O livro A Cabeça Bem-Feita, de Edgar Morin, é uma boa introdução à Teoria do Conhecimento. Precisei revisitá-lo devido à verdadeira barafunda em que se transformou a discussão sobre quarentena. Há, no livro, um roteiro crítico dos vícios fundamentais de pensamento no Ocidente. E esses vícios estão acentuados na discussão presente.
Um vício (uma tradição no pensar errado brasileiro) que vemos logo de saída é a redução do complexo ao simples. Quem não leu nas redes sociais a frase “qual familiar seu pode morrer para salvar a economia?“. Pois é: o problema da pandemia é dissociado do da sobrevivência econômica, ao invés de ser reunido e integrado à este – ou vice-versa. Logo, todo conhecimento econômico se torna impertinente ao trato da quarentena e, mais uma vez, vice-versa.
Isso revela também uma postura campeã por estas plagas: a recusa em enfrentar a complexidade. Essa postura é mais comum entre os ideólogos: só se percebe o que é quantificável, com total desprezo ao senso comum e às necessidades humanas não materiais. Hayek dizia: “ninguém pode ser um grande economista se for somente um economista”. Isso explica a total insensibilidade dos defensores da quarentena total para com os que vivem do trabalho do dia a dia, para com os informais e autônomos.
O vício da hiper especialização também está presente contribuindo para a desorganização do conhecimento. Seja para proteção da economia, seja para a proteção contra o vírus, a unção de um e outro especialista desorganiza o conhecimento reunido sobre a pandemia. O vírus foi coisificado, esquecendo-se que se integra de um modo geral à biosfera e à comunidade dos humanos; isolado no conhecimento do hiper especialista, termina por sugerir o isolamento dos homens. De igual modo, coisificado o conhecimento da atividade econômica dos informais e autônomos, esquecer-se-ia que há um vírus lá fora. Porém, o senso comum demonstra que há conhecimento de que há um vírus, mas a necessidade de comer é maior.

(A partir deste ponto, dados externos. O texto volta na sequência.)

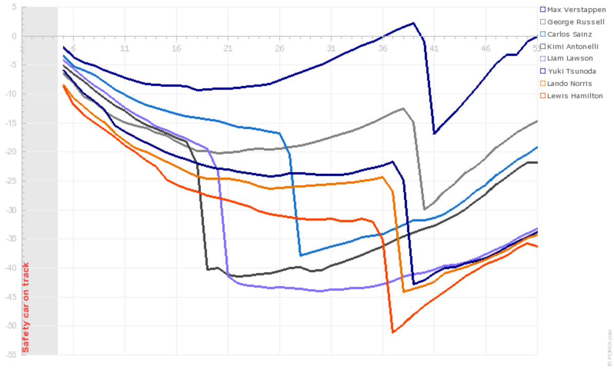 Ο Russell στριμώχτηκε, έχασε φόρα, και αυτό επέτρεψε στον Tsunoda να τον περάσει ξανά. Ο Βρετανός κατάφερε να προσπεράσει ξανά τη Red Bull του Ιάπωνα στο 10ο γύρο. Στη συνέχεια, ζήτησε από την ομάδα της Mercedes να τον φέρει μπροστά από τον Antonelli, για να κυνηγήσει τον Liam Lawson που βρισκόταν στην 3η θέση. Η Mercedes κάλεσε στα pits τον Ιταλό στον 18ο γύρο και ο δρόμος άνοιξε πλήρως για τον Russell όταν και η Racing Bulls έφερε στα pits τον Lawson στον 20ό γύρο.
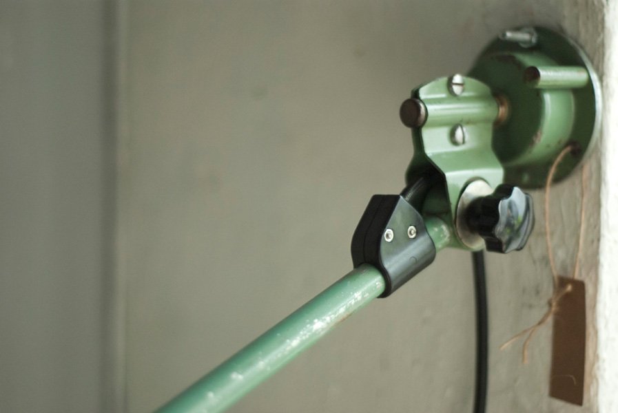Der Entwurf dieser einzigartigen Gelenklampe mit Doppelgelenk stammt von Curt Fischer, der ab ca. 1920 an der Idee des „lenkbaren Lichtes“ gearbeitet hat. Noch vor den so bekannten Entwürfen von Christian Dell oder Marianne Brandt setzte Curt Fischer mit der allseitig beweglichen Arbeitsplatzleuchte die Idee des so genannten ‚lenkbaren Lichtes‘ um. Die Metallwerkstatt im Bauhaus in Weimar wurde mit Midgard-Leuchten erhellt und diente den Bauhaus-Studenten als Vorbild und ist später auch in die Wohnzimmereinrichtung von Ilse und Walter Gropius in deren Meisterhaus am Dessauer Bauhaus belegbar.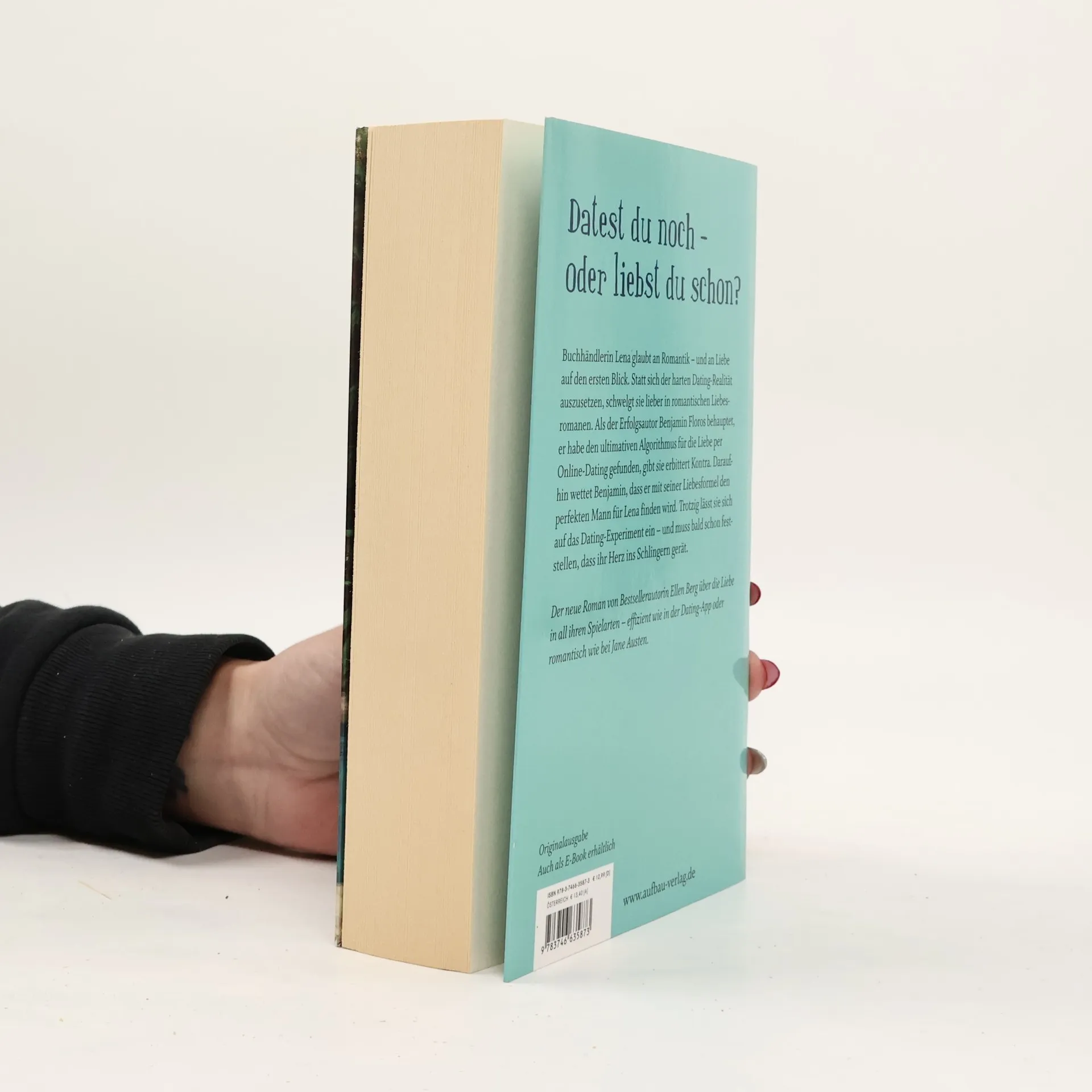 Datest du noch – oder liebst du schon?- Buchhändlerin Lena glaubt an Romantik – und an Liebe auf den ersten Blick. Statt sich der harten Dating-Realität auszusetzen, schwelgt sie lieber in romantischen Liebesromanen. Als der Erfolgsautor Benjamin Floros behauptet, er habe den ultimativen Algorithmus für die Liebe per Online-Dating gefunden, gibt sie erbittert Kontra. Daraufhin wettet Benjamin, dass er mit seiner Liebesformel den perfekten Mann für Lena finden wird. Trotzig lässt sie sich auf das Dating-Experiment ein – und muss bald schon feststellen, dass ihr Herz ins Schlingern gerät. Der neue Roman von Bestsellerautorin Ellen Berg über die Liebe in all ihren Spielarten – effizient wie in der Dating-App oder romantisch wie bei Jane Austen.

Esses vícios de pensamento se relacionam com outro que vemos principalmente nos mais protegidos: a ausência ou diminuta alteridade na formulação prática das questões. Na verdade, reducionismo, recusa de enfrentamento à complexidade, e hiper especialização se alimentam e retroalimentam entre si, formando um circuito que também se liga à pouca alteridade. Se o homem não carece de considerar Deus na formulação de seus problemas e questões, tampouco precisará, em regra, considerar o outro. Ou, de outro modo, o homem considerará o outro na formulação de seus problemas e questões consoante a teologia (consciente ou inconsciente) que tem. Se é uma teologia em que o Estado é expressão de Deus, o outro será apenas um cidadão, um número de cpf ou de título de eleitor; o que não é quantificável não será levado em conta. Do ser humano, respeitar-se-á apenas a sua referência exterior, desprezando-se os seus anseios, vocações, e liberdade de espírito. O indivíduo será apenas exo-referente – apenas mais um quarentenado dentro de casa para preservar uma estrutura de saúde saqueada há décadas.
Há farto material nas redes sociais e na imprensa para que façamos um relato e exposição dos vícios de pensamento do brasileiro, infelizmente.